### TASK TO CARRY OUT
All of the entries must be reproduced exactly, with no images carried over.

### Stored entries
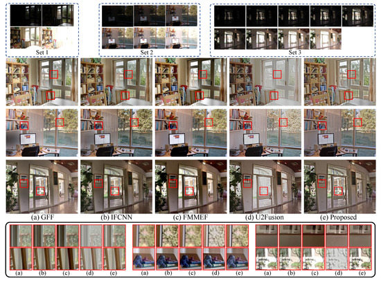 Multi-exposure image fusion results of four image fusion methods (GFF [45], IFCNN [32], FMMEF [53], U2Fusion [8]) and our proposed method. The zoom-in patches of corresponding images (a–e) are shown in the black box.
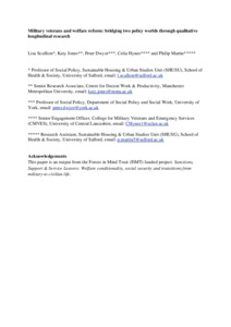 Scullion, Lisa, Jones, Katy, Dwyer, Peter, Hynes, Celia and Martin, Philip (2021) Military veterans and welfare reform: bridging two policy worlds through qualitative longitudinal research. Social Policy and Society . ISSN 1474-7464
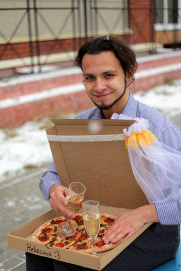 Pic shows: 22-year-old Russian marries a pizza.nnA lonely Russian gourmet fed up of not having a better half has married a pizza.nnThe bizarre wedding ceremony took place in a pizzeria in the city of Tomsk, in the Tomsk Oblast region that is located in south-central Russia.nnThe man who was not named said he came up with the idea because she was fed up of being alone.nnHe said: “At some point I realized that half of my friends are complaining about their better half, while the others were complaining about the lack of a better half.”nn”Love between two humans is a complicated wild thing. I was grateful that I had at least my love of food and then it came to me that actually love for food remains stable no matter what.”nn”Pizza would not reject you or betray you, and speaking quite frankly and sincerely, I love it.”nnSceptical Russian authorities refused to give official permission to register the unusual marriage at a registry office, and the church also turned him down.nnSo in the end the unusual ceremony went ahead in one of the city¿s pizzerias. Managers and cooks at the restaurant even went as far as to provide the man with a certificate of marriage, and the pizza bride was covered in a bridal veil.nnAfter that the happy groom posed in front of many cameras with his “wife”. Details of what they did on their honeymoon night together were not revealed.nn(ends)
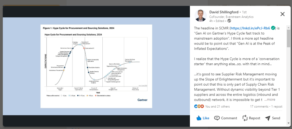 Here is a screen grab of a recent post on LinkedIn by Everstream’s David Shillingford regarding the Gartner Hype Cycle:
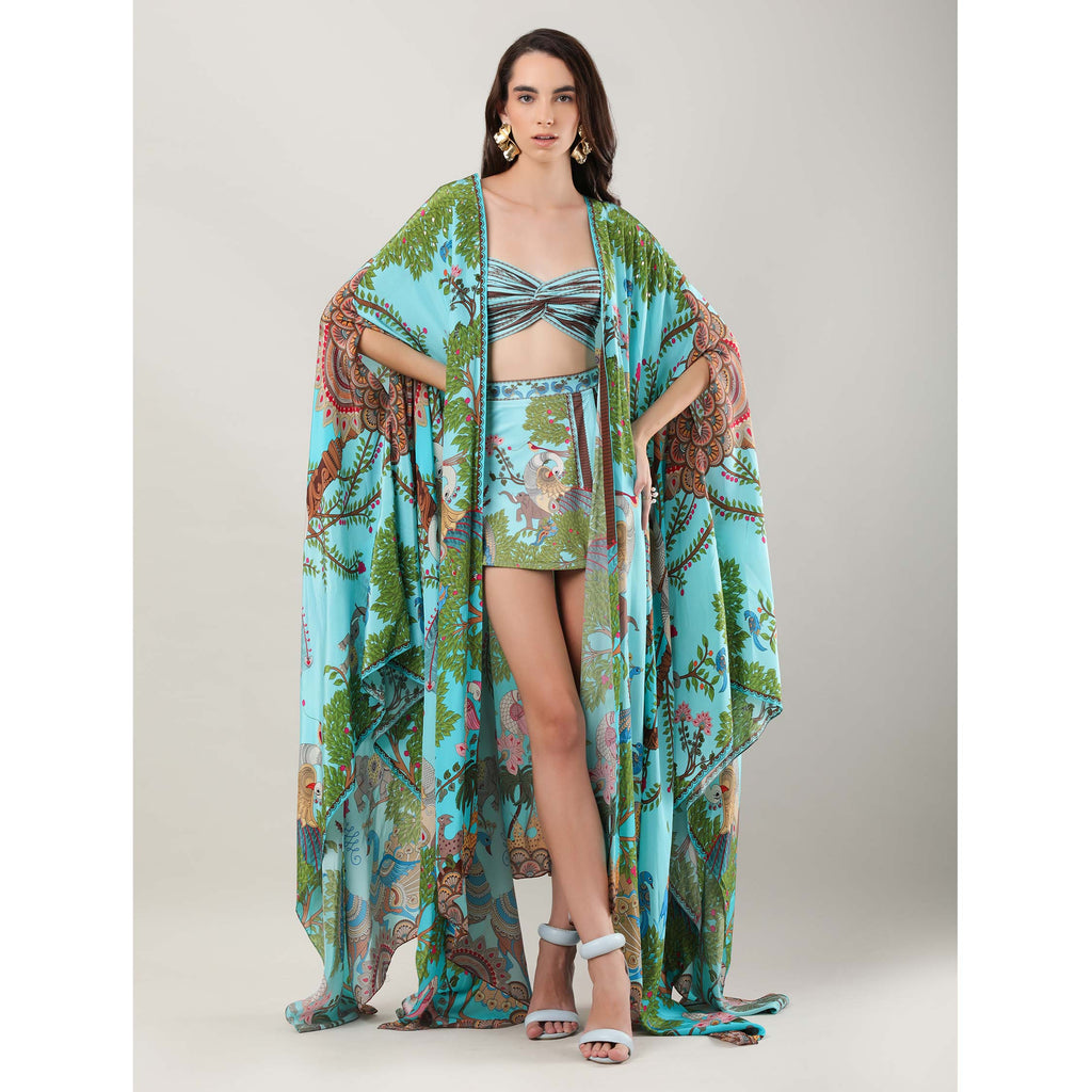 Add a touch of romance to any ensemble with our statement cape, adorned with intricate Shrikalahasti-inspired detailing. Crafted from sumptuous crepe, its long, relaxed silhouette is perfect for layering over a swimsuit or outfit of your choice. The statement border, featuring flora, fauna, peacocks, and elephant motifs, along with delicate shoulder embroidery, elevates this piece into a truly show-stopping addition to your wardrobe.
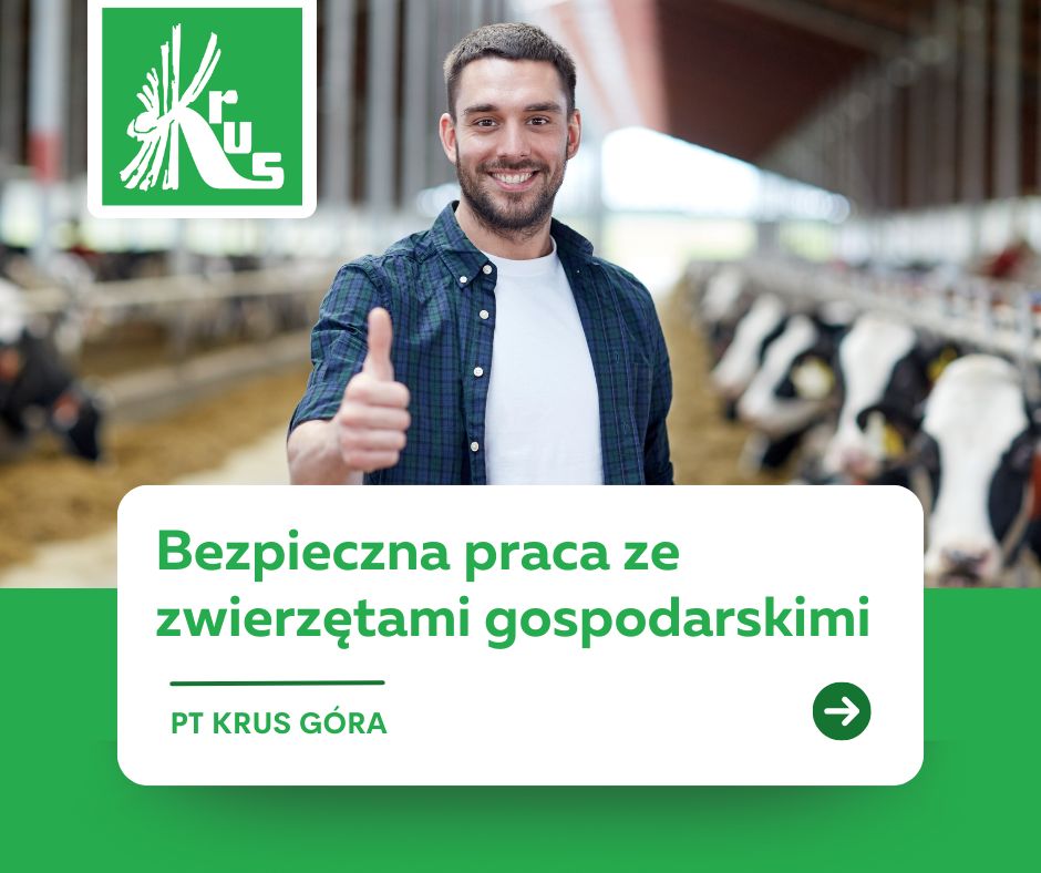 PT KRUS Góra wydał publikację dla rolników pn.: "Bezpieczna praca ze zwierzętami gospodarskimi", w której zebrano najważniejsze zasady bezpiecznej obsługi zwierząt oraz wskazano najczęstsze zagrożenia w gospodarstwach. Materiał w prosty sposób przypomina, że znajomość zachowań zwierząt i właściwa organizacja pracy znacząco zmniejszają ryzyko wypadków.
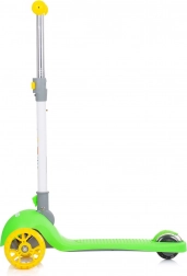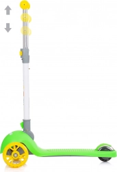 Priuštite djeci zabavnu i sigurnu vožnju s romobilom CHIPOLINO Funky u zeleno‑žutom izdanju. Lagani aluminijski okvir olakšava upravljanje, dok široka protuklizna podnica i gumene ručke pružaju sigurnost pri vožnji. Šarene LED diode u prednjim i stražnjim kotačima pale se pri kretanju i povećavaju vidljivost.
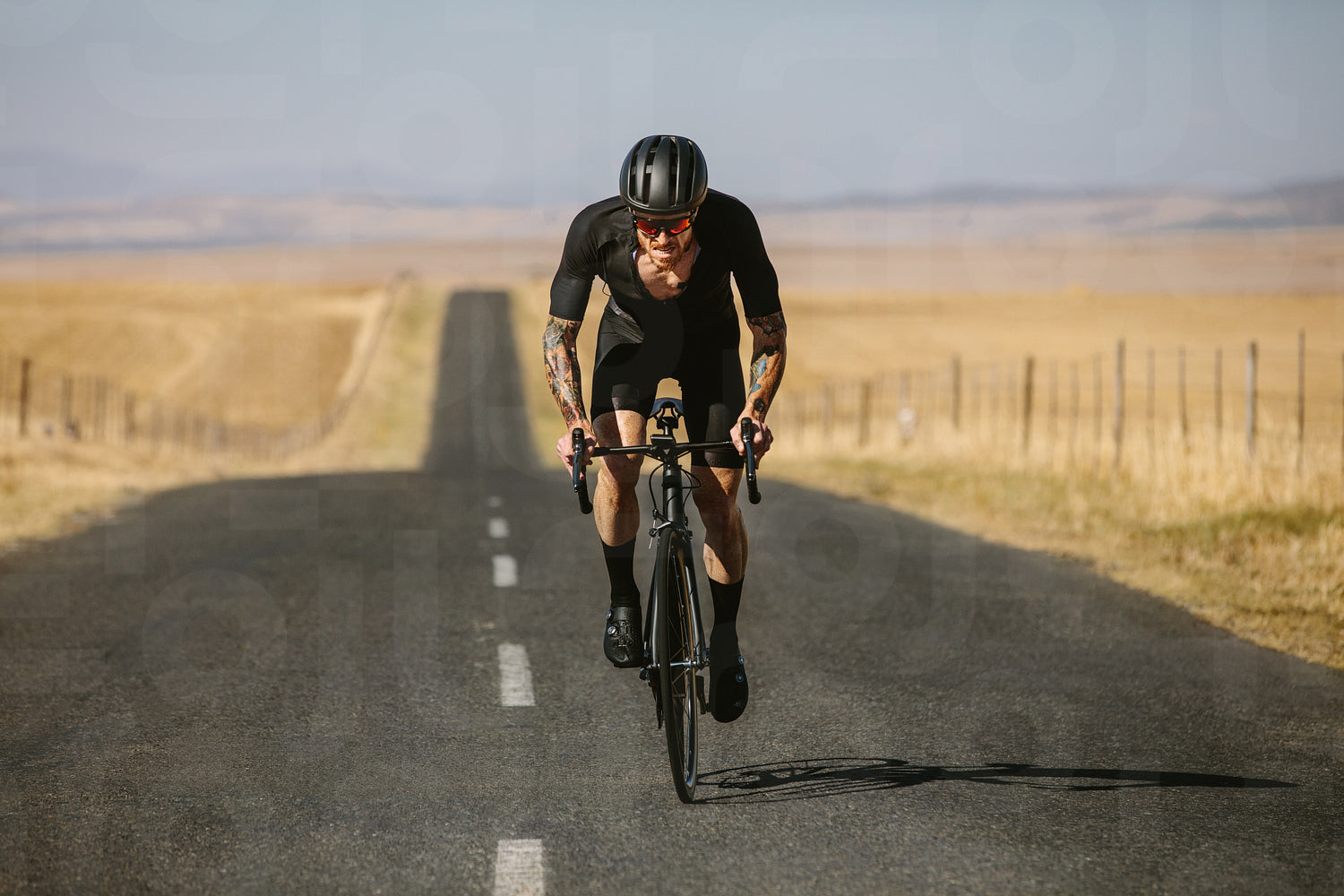 Sportsman riding bicycle on the long road. Professional athlete cycling on countryside highway.
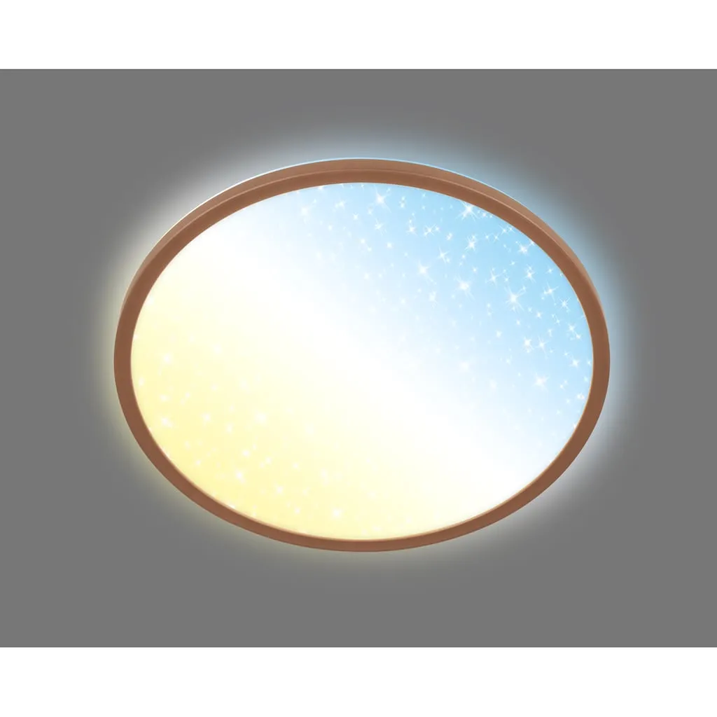 Плоская LED-панель CCT в цвете "кофе" с эффектом звездного неба для жилых помещений, спален и коридоров, 22 Вт LED (3.000 лм) с регулируемой цветовой температурой от 3.000K до 6.500K для любой атмосферы, плавная регулировка яркости с помощью пульта дистанционного управления с функцией запоминания для максимального комфорта, встроенный эффект подсветки для косвенного освещения и гармоничного восприятия пространства, компактные размеры (Ø375x45 мм), идеально для низких потолков и сдержанного интерьерного оформления
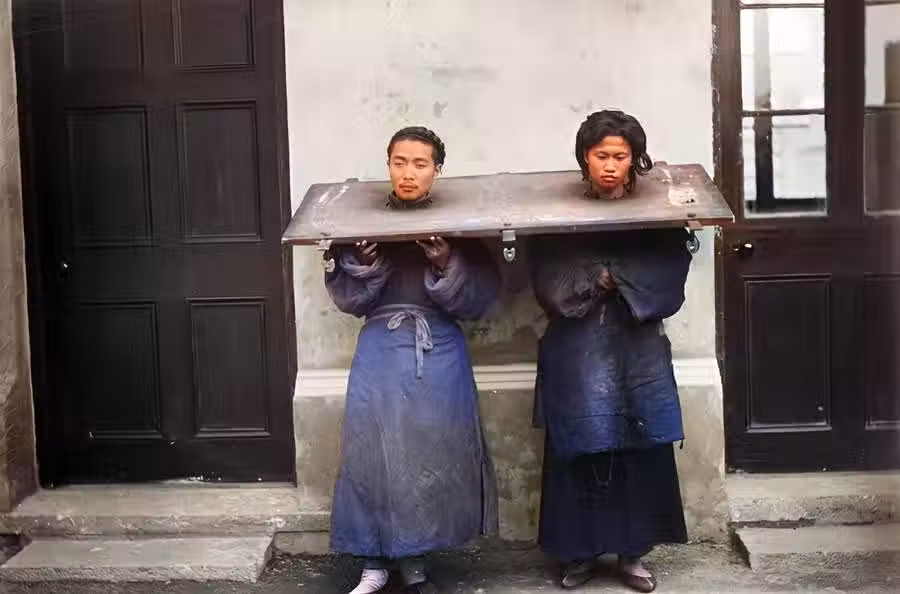 這是楊乃武與小白菜戴木枷的照片。楊乃武與小白菜案, 是清末的一件冤案。在此期間,各種勢力為了自己的利益明爭暗鬥。楊乃武與小白菜的故事雖然有很多版本,但是很耐人尋味。

### SOLVED PROBLEM
 Multi-exposure image fusion results of four image fusion methods (GFF [45], IFCNN [32], FMMEF [53], U2Fusion [8]) and our proposed method. The zoom-in patches of corresponding images (a–e) are shown in the black box.
 Scullion, Lisa, Jones, Katy, Dwyer, Peter, Hynes, Celia and Martin, Philip (2021) Military veterans and welfare reform: bridging two policy worlds through qualitative longitudinal research. Social Policy and Society . ISSN 1474-7464
 Pic shows: 22-year-old Russian marries a pizza.nnA lonely Russian gourmet fed up of not having a better half has married a pizza.nnThe bizarre wedding ceremony took place in a pizzeria in the city of Tomsk, in the Tomsk Oblast region that is located in south-central Russia.nnThe man who was not named said he came up with the idea because she was fed up of being alone.nnHe said: “At some point I realized that half of my friends are complaining about their better half, while the others were complaining about the lack of a better half.”nn”Love between two humans is a complicated wild thing. I was grateful that I had at least my love of food and then it came to me that actually love for food remains stable no matter what.”nn”Pizza would not reject you or betray you, and speaking quite frankly and sincerely, I love it.”nnSceptical Russian authorities refused to give official permission to register the unusual marriage at a registry office, and the church also turned him down.nnSo in the end the unusual ceremony went ahead in one of the city¿s pizzerias. Managers and cooks at the restaurant even went as far as to provide the man with a certificate of marriage, and the pizza bride was covered in a bridal veil.nnAfter that the happy groom posed in front of many cameras with his “wife”. Details of what they did on their honeymoon night together were not revealed.nn(ends)
 Here is a screen grab of a recent post on LinkedIn by Everstream’s David Shillingford regarding the Gartner Hype Cycle:
 Add a touch of romance to any ensemble with our statement cape, adorned with intricate Shrikalahasti-inspired detailing. Crafted from sumptuous crepe, its long, relaxed silhouette is perfect for layering over a swimsuit or outfit of your choice. The statement border, featuring flora, fauna, peacocks, and elephant motifs, along with delicate shoulder embroidery, elevates this piece into a truly show-stopping addition to your wardrobe.
 PT KRUS Góra wydał publikację dla rolników pn.: "Bezpieczna praca ze zwierzętami gospodarskimi", w której zebrano najważniejsze zasady bezpiecznej obsługi zwierząt oraz wskazano najczęstsze zagrożenia w gospodarstwach. Materiał w prosty sposób przypomina, że znajomość zachowań zwierząt i właściwa organizacja pracy znacząco zmniejszają ryzyko wypadków.
 Priuštite djeci zabavnu i sigurnu vožnju s romobilom CHIPOLINO Funky u zeleno‑žutom izdanju. Lagani aluminijski okvir olakšava upravljanje, dok široka protuklizna podnica i gumene ručke pružaju sigurnost pri vožnji. Šarene LED diode u prednjim i stražnjim kotačima pale se pri kretanju i povećavaju vidljivost.
 Sportsman riding bicycle on the long road. Professional athlete cycling on countryside highway.
 Плоская LED-панель CCT в цвете "кофе" с эффектом звездного неба для жилых помещений, спален и коридоров, 22 Вт LED (3.000 лм) с регулируемой цветовой температурой от 3.000K до 6.500K для любой атмосферы, плавная регулировка яркости с помощью пульта дистанционного управления с функцией запоминания для максимального комфорта, встроенный эффект подсветки для косвенного освещения и гармоничного восприятия пространства, компактные размеры (Ø375x45 мм), идеально для низких потолков и сдержанного интерьерного оформления
 這是楊乃武與小白菜戴木枷的照片。楊乃武與小白菜案, 是清末的一件冤案。在此期間,各種勢力為了自己的利益明爭暗鬥。楊乃武與小白菜的故事雖然有很多版本,但是很耐人尋味。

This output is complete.